While we are conversant that the motivations to reintroduce the Zimbabwe Dollar stem from hyperinflation and the exchange rate collapse, we restate our long-held position that a return of the Zimbabwe Dollar without being backed by a return to economic fundamentals is disastrous and will only further drain the little confidence there may exist in the financial services sector.
We further caution that the move will continue to scare potential investors and create an uncapped inflation within a few months simply because Zimbabwe isn’t producing. Ambushing citizens and corporates with ill-timed changes to the tender regulations has and will always be recipe for disaster. As a global norm, the introduction of a fiatcurrency should be underlined by the following:
a) Perception Management:A strong commitment by the central bank together with the government to take the steps needed to ensure that the new currency is perceived as stable by companies, the general public, and the international community. We posit that if a country is suffering from hyperinflation, its macroeconomic policies to date by definition are unsound. Currency reform alone is unlikely to resolve such problems and will yield its benefits only if underpinned by fiscal and monetary action.
b) Macroeconomic Stability:Sound macroeconomic policies and strong financial services sector legislation should ideally be in place or at minimum under way. At the nerve centre of Zimbabwe’s economic malaise has been low productive capacity from the supply side of the economy, massive de-industrialization, informalisation, low economic growth rates, unemployment, poverty, poor social services, poor revenue inflows and a domestic debt that balloned to close to US$10 billion.
c) Logistical Preparations and Feasibility Tests:Careful preparation is required, setting up the policies and processes behind the currency reform and drafting a detailed budget for the entire currency reform process which also includes conversion of existing national and local budgets valued against the new currency
d) Public Education:Important as all these preconditions are, the success of a currency reform depends just as much on a successful public education campaign.
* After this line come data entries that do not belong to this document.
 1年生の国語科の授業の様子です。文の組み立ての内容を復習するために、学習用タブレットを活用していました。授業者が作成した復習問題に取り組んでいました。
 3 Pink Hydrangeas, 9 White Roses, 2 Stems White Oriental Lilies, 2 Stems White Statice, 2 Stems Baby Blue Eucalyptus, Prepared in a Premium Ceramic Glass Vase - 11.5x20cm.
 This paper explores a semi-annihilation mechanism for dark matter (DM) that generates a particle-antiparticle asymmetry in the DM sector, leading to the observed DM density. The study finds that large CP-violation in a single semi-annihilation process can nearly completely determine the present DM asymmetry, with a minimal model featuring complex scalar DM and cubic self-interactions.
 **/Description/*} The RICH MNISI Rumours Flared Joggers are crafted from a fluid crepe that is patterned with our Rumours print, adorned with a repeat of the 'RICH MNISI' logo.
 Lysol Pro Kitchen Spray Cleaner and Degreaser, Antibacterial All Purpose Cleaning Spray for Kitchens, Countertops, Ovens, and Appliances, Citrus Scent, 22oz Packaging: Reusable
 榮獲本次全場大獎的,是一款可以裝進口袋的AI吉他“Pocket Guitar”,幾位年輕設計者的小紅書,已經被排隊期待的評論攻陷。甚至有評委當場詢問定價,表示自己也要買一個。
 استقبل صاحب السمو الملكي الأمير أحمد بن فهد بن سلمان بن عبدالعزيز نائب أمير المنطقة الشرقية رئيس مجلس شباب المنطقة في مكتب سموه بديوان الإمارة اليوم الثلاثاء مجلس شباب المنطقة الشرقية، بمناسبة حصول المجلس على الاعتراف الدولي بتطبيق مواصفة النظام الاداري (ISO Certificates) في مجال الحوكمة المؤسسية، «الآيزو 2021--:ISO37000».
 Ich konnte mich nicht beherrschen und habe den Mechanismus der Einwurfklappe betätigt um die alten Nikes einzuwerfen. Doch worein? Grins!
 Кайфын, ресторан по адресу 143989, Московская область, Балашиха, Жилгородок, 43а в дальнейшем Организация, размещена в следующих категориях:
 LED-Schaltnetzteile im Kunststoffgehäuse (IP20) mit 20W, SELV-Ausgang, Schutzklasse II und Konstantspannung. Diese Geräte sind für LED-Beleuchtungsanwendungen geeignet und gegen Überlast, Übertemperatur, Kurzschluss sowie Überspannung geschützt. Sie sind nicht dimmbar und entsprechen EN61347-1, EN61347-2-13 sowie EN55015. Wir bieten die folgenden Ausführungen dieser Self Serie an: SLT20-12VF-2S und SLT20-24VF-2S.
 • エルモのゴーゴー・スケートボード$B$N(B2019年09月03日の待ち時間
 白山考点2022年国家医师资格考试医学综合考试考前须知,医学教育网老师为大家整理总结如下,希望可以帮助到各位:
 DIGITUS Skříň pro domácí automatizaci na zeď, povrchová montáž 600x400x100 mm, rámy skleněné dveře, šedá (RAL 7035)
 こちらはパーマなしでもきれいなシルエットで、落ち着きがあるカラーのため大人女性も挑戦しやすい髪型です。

The central bank needs to coordinate this campaign with other agencies, financial sector representatives, merchants, and the general public.
Macro-economic stability that is pro-poor, inclusive and human–centered with increased fiscal space, a high degree of competitiveness, a healthy environment for domestic and foreign investment, a strong export economy and high degrees of innovative capability will take Zimbabwe forward. We continue to implore the government to seriously consider the following:
1) Progressive and consistent consultation with citizens and stakeholders in the development and adoption of key policy changes and reforms.
2) Policy changes in the economic realm must always seek to entrench and deepen social protection to an already impoverished citizen
3) Policy predictability and consistence is key in trust building and restoring confidence in the economy.
4) Return Zimbabwe to norm compliance with democratic governance and constitutionalism where the rule of law is supreme
5) Immediately begin an inclusive national dialogue that addresses all key reforms that may be deemed necessary steps in redirecting the country towards sustainable democratic development. We maintain our position that the current POLAD is a far cry from the envisaged dialogue process and inconsequential in delivering the necessary reform path to rescue the country from total collapse.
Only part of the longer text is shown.